▸ **EXERCISE DESCRIPTION**: Print the data below again in full, exactly as it stands, with no images.

▸ **COLLECTED DATA**:
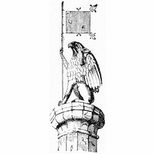 III. That in the particular drawing none of the trophies was heraldic. The sculptor accordingly could omit the whole, if he were so minded, or could dispose about the arms and crested helm any such other trophies of like character as would in his judgment look well or be appropriate.
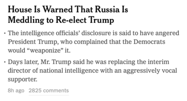 Wow, that’s pretty scary! Except when you consider that Americans have done a crackerjack job of mind-fucking themselves with disinformation the past several years, coincidentally via this very The New York Times, a figment machine so demented that it has come to resemble the proverbial crazy aunt locked in the attic. The true wonder is the Times’ poverty of imagination, reviving a tattered cockamamie story that bombed abjectly the first time around. I suppose, in a culture addicted to stupid sequels, they expect Robert Mueller will be called back on-duty to sort this one out like he did so nicely before.
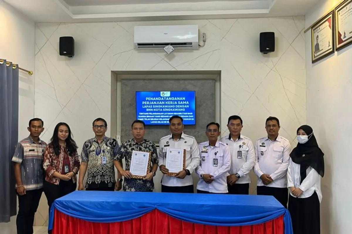 Singkawang (ANTARA) - Lapas Kelas IIB Singkawang bersama BNN Kota Singkawang menandatangani perjanjian kerja sama terkait pelaksanaan layanan rehabilitasi bagi warga binaan, Jumat (29/8).

▸ **WRITTEN SOLUTION**:
 III. That in the particular drawing none of the trophies was heraldic. The sculptor accordingly could omit the whole, if he were so minded, or could dispose about the arms and crested helm any such other trophies of like character as would in his judgment look well or be appropriate.
 Wow, that’s pretty scary! Except when you consider that Americans have done a crackerjack job of mind-fucking themselves with disinformation the past several years, coincidentally via this very The New York Times, a figment machine so demented that it has come to resemble the proverbial crazy aunt locked in the attic. The true wonder is the Times’ poverty of imagination, reviving a tattered cockamamie story that bombed abjectly the first time around. I suppose, in a culture addicted to stupid sequels, they expect Robert Mueller will be called back on-duty to sort this one out like he did so nicely before.
 Singkawang (ANTARA) - Lapas Kelas IIB Singkawang bersama BNN Kota Singkawang menandatangani perjanjian kerja sama terkait pelaksanaan layanan rehabilitasi bagi warga binaan, Jumat (29/8).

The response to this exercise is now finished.